Adults and Adolescents (≥12 years):

  • Asthma/COPD: 6–12 mcg twice daily via inhalation.
  • SMART Regimen: 6 mcg as needed for symptom relief (max 72 mcg/day).
  • Exercise-Induced Bronchoconstriction: 6–12 mcg 15 minutes before exercise.

Children (6–11 years):

  • Asthma: 6 mcg twice daily (max 12 mcg/day).

Special Populations:

  • Renal/Hepatic Impairment: No dose adjustment required.
  • Elderly: Use with caution; monitor for cardiovascular effects.
  • Common: Tremor, headache, palpitations, muscle cramps.
  • Serious:
    • Cardiovascular: Tachycardia, arrhythmias, angina.
    • Hypokalemia: Due to intracellular potassium shift.
    • Paradoxical Bronchospasm: Rare; discontinue if occurs.
    • Allergic Reactions: Rash, angioedema.
  1. Asthma Mortality Risk:
    • LABAs should always be used with ICS in asthma to reduce the risk of severe exacerbations.
  2. Cardiovascular Disease:
    • Use with caution in patients with arrhythmias, ischemic heart disease, or hypertension.
  3. Diabetes:
    • May increase blood glucose levels; monitor in diabetics.
  4. Pregnancy/Lactation:
    • Category C: Use only if benefits outweigh risks.
    • Excreted in breast milk; avoid breastfeeding.

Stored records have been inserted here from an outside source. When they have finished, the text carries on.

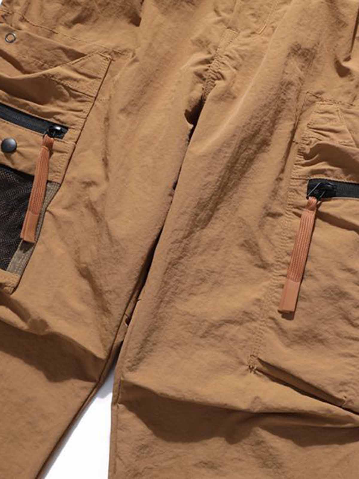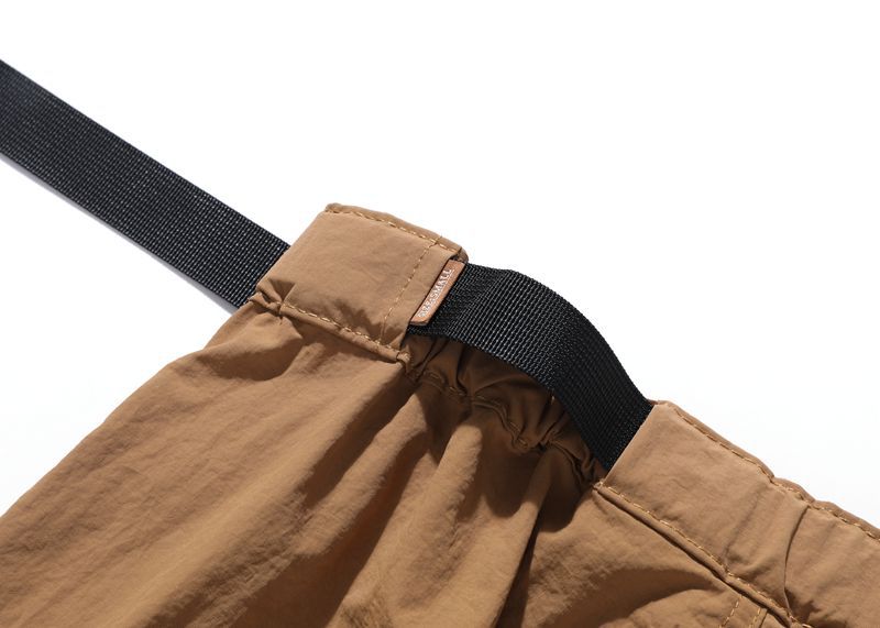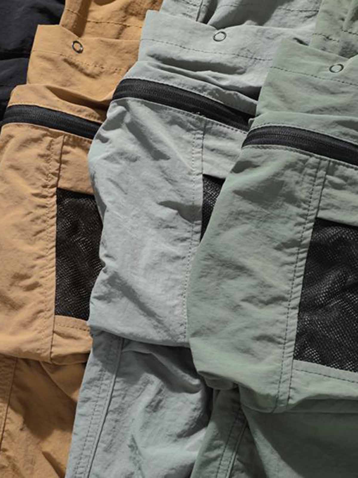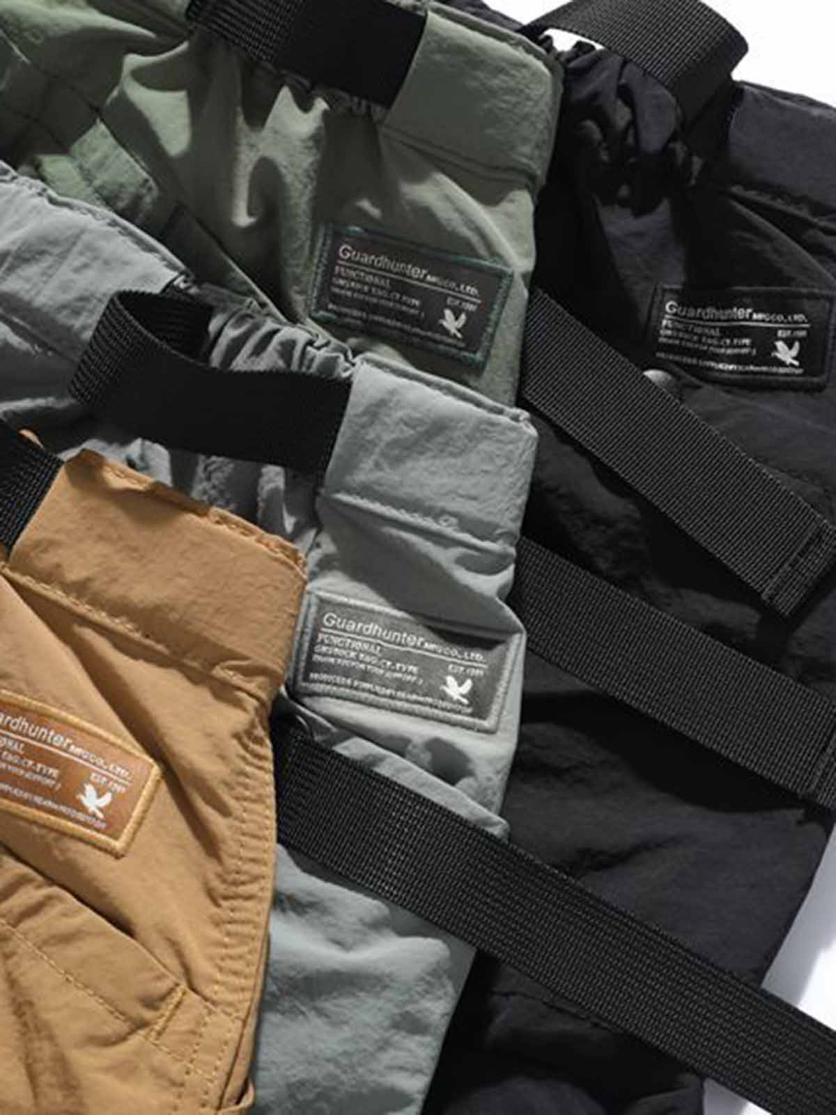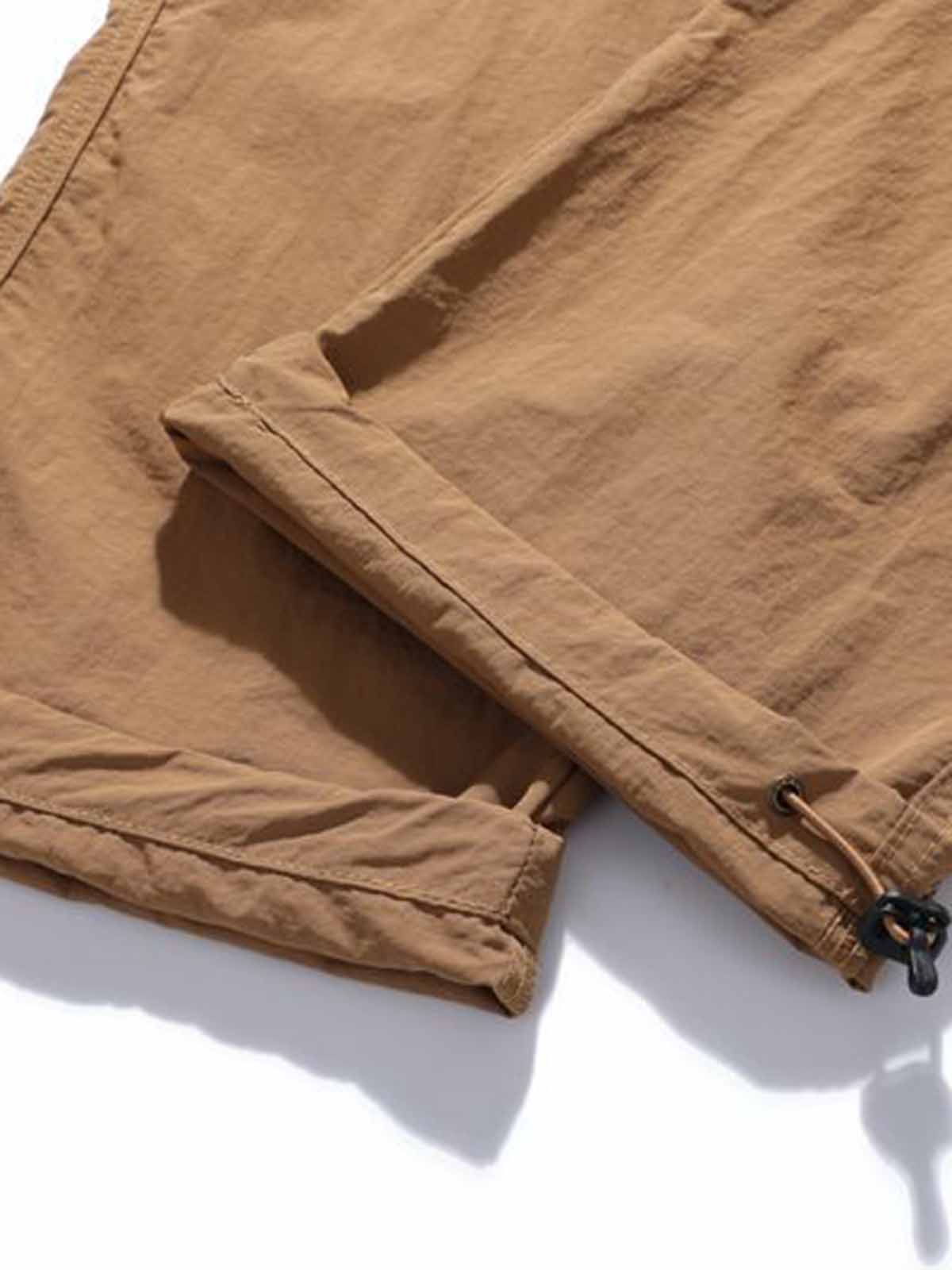 このパンツは、100%ナイロンの速乾生地にメッシュライニングを組み合わせ、アウトドア活動や都市通勤に最適な通気性と快適性を実現しています。多機能ポケットを多数配置しており、スマートフォン、財布、その他小物をしっかり収納可能。ウエストにはゴムバンドとバックルが装備され、フィット感を自由に調整できるため、実用性とスタイリッシュな印象を両立しています。ルーズなストレートシルエットは動きやすさを提供し、4色展開により、様々なコーディネートに合わせやすいデザインとなっています。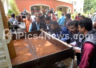 Photo Caption : CCB personnel displaying the secret box and number plate of the vehicle which was used to smuggle ganja. Bangalore City CCB Women Protection Squad seized around 1500 Kgs of Ganja worth rupees 12 crores and arrested three persons during a press conference at the Police Commissioner office, in Bengaluru on Saturday 15th July 2023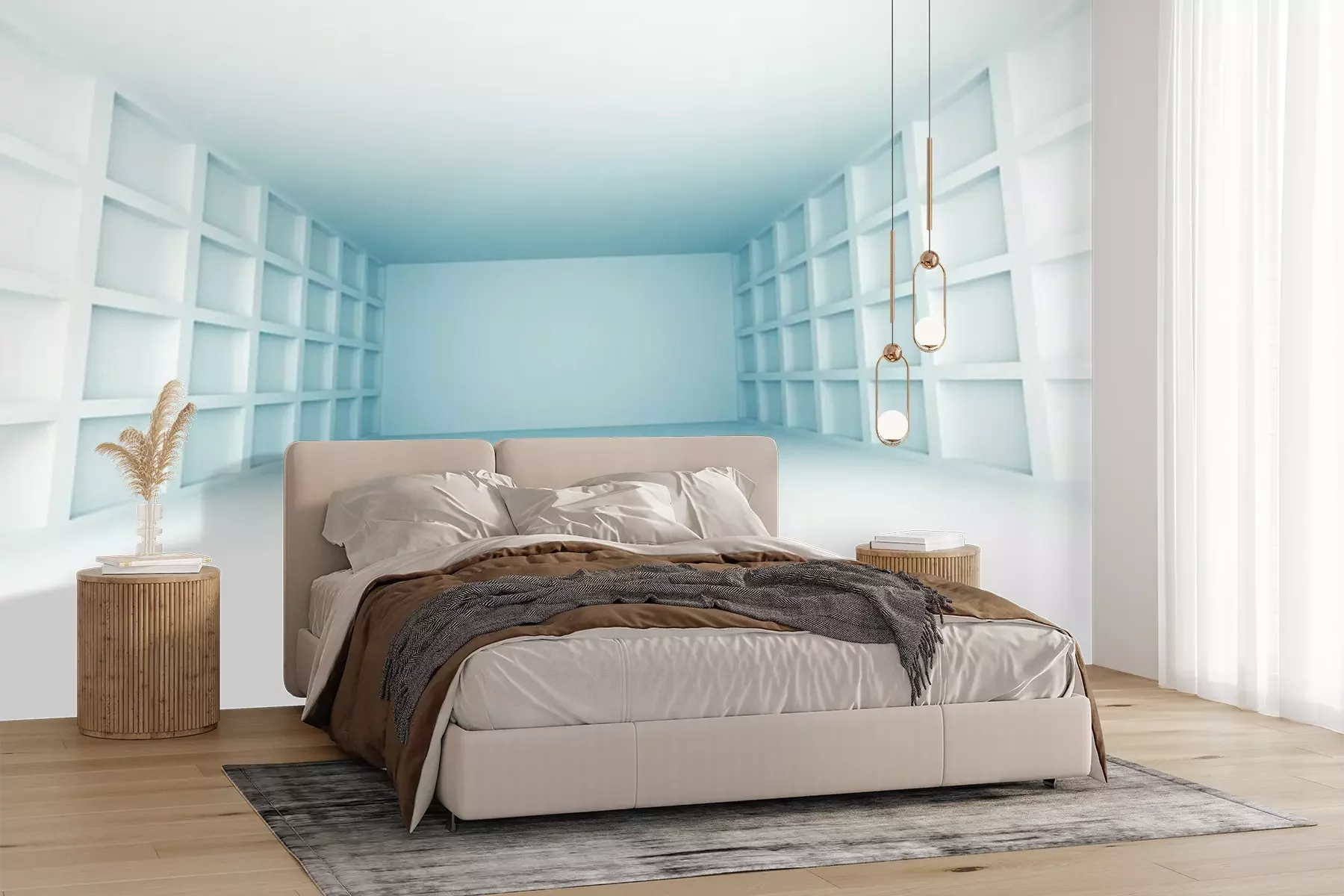Die Fototapeten werden in Bahnen geliefert. Die Größe und die Anzahl der Bahnen, aus denen die gesamte Fototapete besteht, hängen vom gewählten Material ab. Wenn die Größe die maximale Breite des Materials überschreitet, besteht der Ausdruck aus mehreren gleich großen Bahnen.
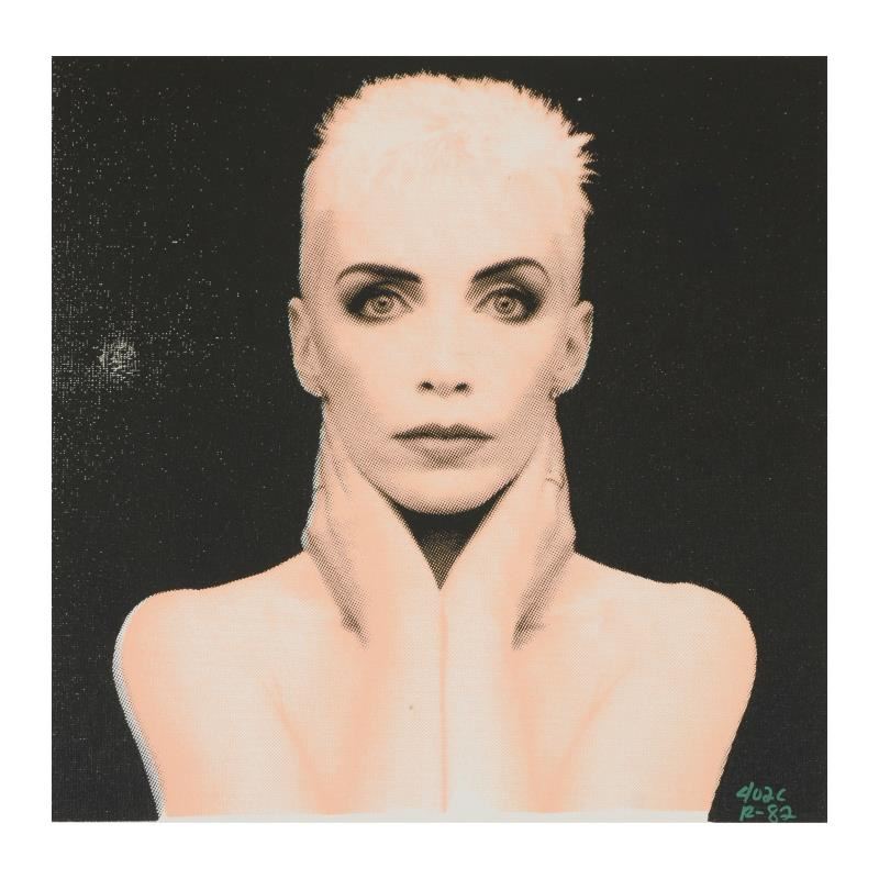 "Annie Lennox" is a one-of-a-kind hand-pulled silkscreen on canvas by Ringo (Daniel Funes) - protege of Andy Warhol's apprentice, Steve Kaufman. This piece is hand signed by the artist and Includes Certificate of Authenticity. This piece comes from the Andy Warhol Legacy Series. Due to the nature of the canvas these, pieces will need to be mounted for framing. Also, the signature is offset to the right of the image in the white border area. Measures approx. 16" x 16" (image).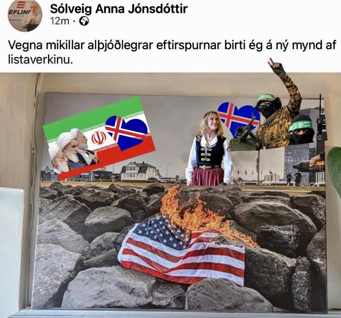 fánann fyrir framan Höfða. “Lista”konan vanrækti hins vegar að sýna ástmegi íslensku
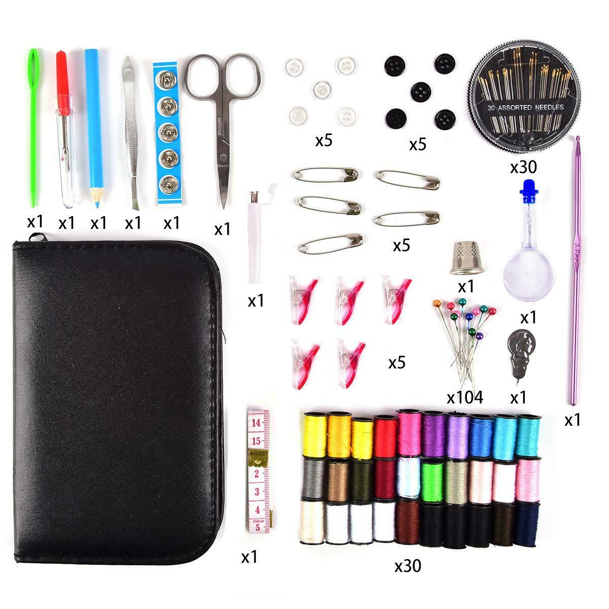 200 Piece Mini Sewing Kit Thread Scissor Tape Pins Thimble Needle Travel Home

Formoterol interacts with:

  • Beta-Blockers:
    • Non-selective beta-blockers (e.g., propranolol) antagonize bronchodilatory effects.
  • Diuretics:
    • Increased risk of hypokalemia with loop or thiazide diuretics.
  • Xanthines (e.g., theophylline):
    • Increased risk of hypokalemia and arrhythmias.
  • Corticosteroids:
    • Enhanced hypokalemic effect.
  • QT-Prolonging Drugs:
    • Antiarrhythmics (e.g., amiodarone), macrolides (e.g., azithromycin) – additive risk of arrhythmias.
  • Generic: Formoterol fumarate.
  • Brand Names: Oxis (single agent), Symbicort (combination with budesonide), Foradil.